All three are excellent. And all three share the same ceiling…
The Ceiling: Running a Model ≠ Having an Assistant
Here's what surprises everyone after the install: you've recreated ChatGPT in a private window. Your local model chats — but it can't:
- Open an application
- Organize a single folder
- Search the web and act on results
- Respond to your voice while you work
- Do anything when the chat window is closed
A model is a brain in a jar. To get the future you imagined — speak to the machine, machine does work — the brain needs hands (system access), ears (voice), and a face (an interface that lives on the desktop).

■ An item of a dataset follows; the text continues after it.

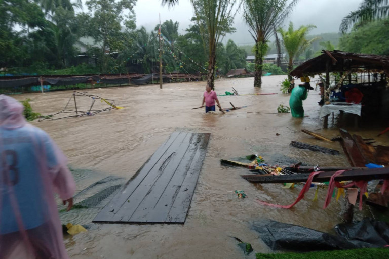 และอำเภอเมืองพังงา จังหวัดพังงา สถานการณ์ในพื้นที่อำเภอเมืองพังงา พบว่ามีฝนตกติดต่อกันตลอดทั้งคืนและระดับน้ำ ในคลองเพิ่มสูงขึ้น เบื้องต้น มีผลกระทบในพื้นที่อำเภอเมืองพังงา ต.ทุ่งคาโงก ม.1 ราษฎร ประสบภัย 30 หลัง ดินสไลด์ 1 แห่ง ม.2 ดินสไลด์ 3 จุด ม.3 ดินสไลด์ 1 จุด ม.4 ราษฎรได้รับผลกระทบ 35 ครัวเรือน ม.5 ดินสไลด์ 2 จุด ตำบลตากแดด ม.1.ต.ตากแดด.ฝนตกหนักน้ำล้นตลิ่งเข้าพี้นที่สวนปาล์มในพี้นที่ต่ำแต่ยังไม่ได้รับความเสียหาย ม.2.ตากแดดน้ำมาแรงมากทำให้ฝายที่กำลังสร้างยังไม่เสร็จได้รับความเสียหาย ม.3 ต.ตากแดด ฝนตกหนักน้ำล้นตลิ่งเข้าพื้นที่สวนปาล์มบ้างแต่ไม่ได้รับความเสียหาย ตำบลป่าก ม.1 ต.ป่ากอ ตอนนี้น้ำเริ่มเต็มลำคลองแต่ชาวบ้านยังไม่ได้รับความเดือดร้อน ตำบลเกาะปันหยี

That layer is what Stonic AI is: a local-first agent for Windows that connects AI to the operating system itself — voice control, file management, app and browser automation, wrapped in a cinematic JARVIS-style interface. It's engineered to run light on the same hardware tiers above, runs core processing locally, and costs $49 once.
Recommended Path
- Taste it: install Ollama, run Llama 3, chat privately for an evening
- Feel the ceiling: try to make it do anything outside the chat box
- Upgrade to an agent: download Stonic AI and say "organize my Downloads folder" — with Wi-Fi off, if you want the proof
Your hardware has been ready for a year. The only question is whether you give it a chat window or a body.
Questions people ask
Probably. A Windows 10/11 machine with 8GB RAM can run small models (3B parameters); 16GB runs excellent 7–8B models like Llama 3; a GPU with 6GB+ VRAM or a modern NPU makes everything faster. Agent-style assistants like Stonic AI need even less, since they're engineered around efficiency rather than hosting giant models.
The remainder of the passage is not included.